Dataset extract -
=== Begin Enclosure ===
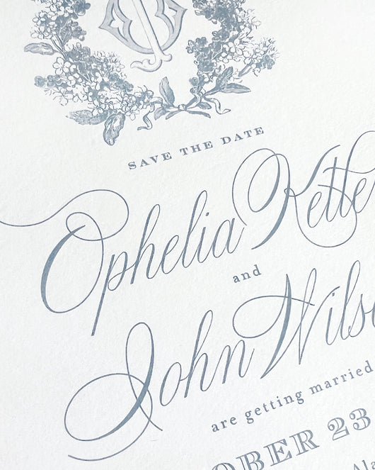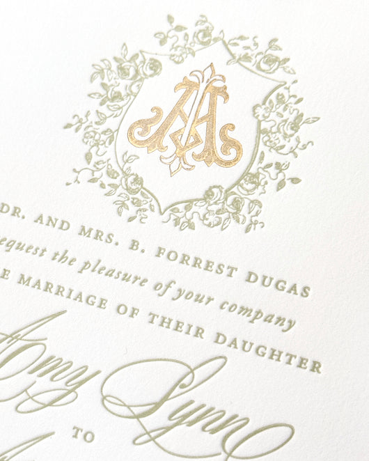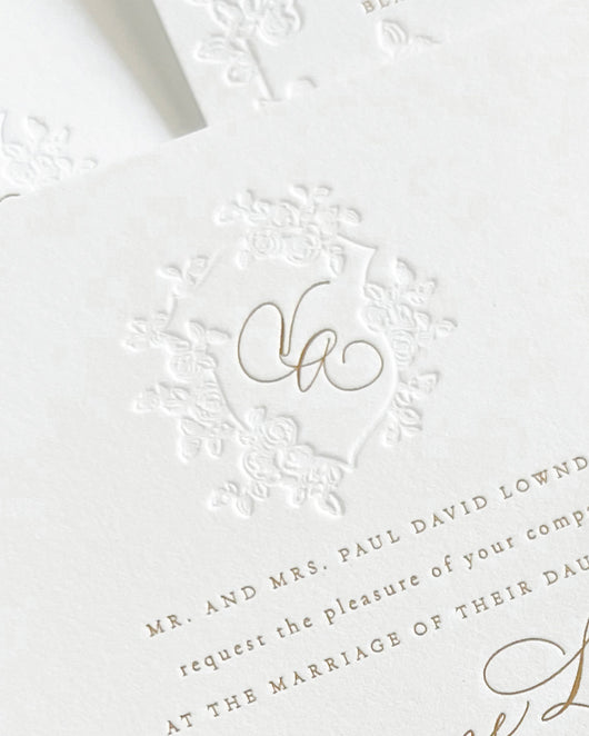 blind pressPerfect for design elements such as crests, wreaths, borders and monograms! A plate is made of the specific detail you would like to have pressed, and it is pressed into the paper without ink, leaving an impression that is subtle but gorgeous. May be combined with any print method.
=== End Enclosure ===
=== Begin Enclosure ===
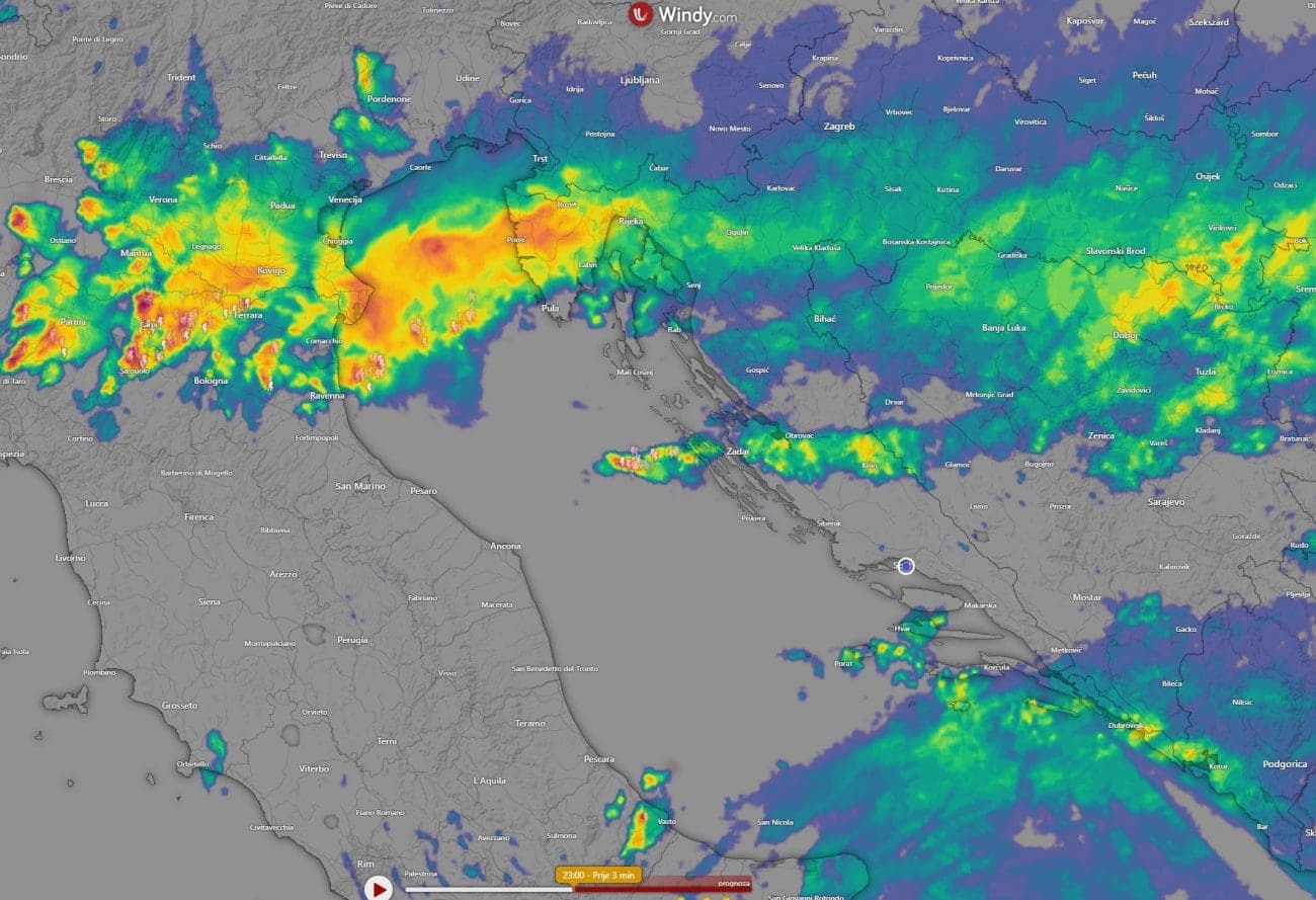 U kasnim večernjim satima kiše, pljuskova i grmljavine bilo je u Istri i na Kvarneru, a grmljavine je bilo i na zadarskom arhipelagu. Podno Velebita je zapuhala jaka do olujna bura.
=== End Enclosure ===
=== Begin Enclosure ===
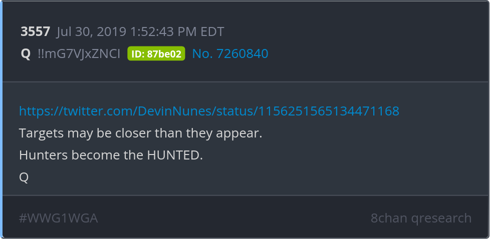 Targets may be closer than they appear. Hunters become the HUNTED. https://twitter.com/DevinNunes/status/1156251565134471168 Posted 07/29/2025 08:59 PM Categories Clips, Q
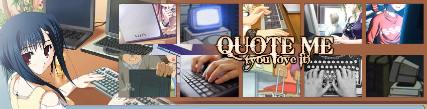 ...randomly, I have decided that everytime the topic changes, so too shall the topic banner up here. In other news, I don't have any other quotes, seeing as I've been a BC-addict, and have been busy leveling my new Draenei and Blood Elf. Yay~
=== End Enclosure ===
What is expected -
Go down the entries above from the line containing "Targets may be" to the line containing "Blood Elf. Yay~" and write out each line exactly, leaving pictures out.

Answer for the task -
 Targets may be closer than they appear. Hunters become the HUNTED. https://twitter.com/DevinNunes/status/1156251565134471168 Posted 07/29/2025 08:59 PM Categories Clips, Q
 ...randomly, I have decided that everytime the topic changes, so too shall the topic banner up here. In other news, I don't have any other quotes, seeing as I've been a BC-addict, and have been busy leveling my new Draenei and Blood Elf. Yay~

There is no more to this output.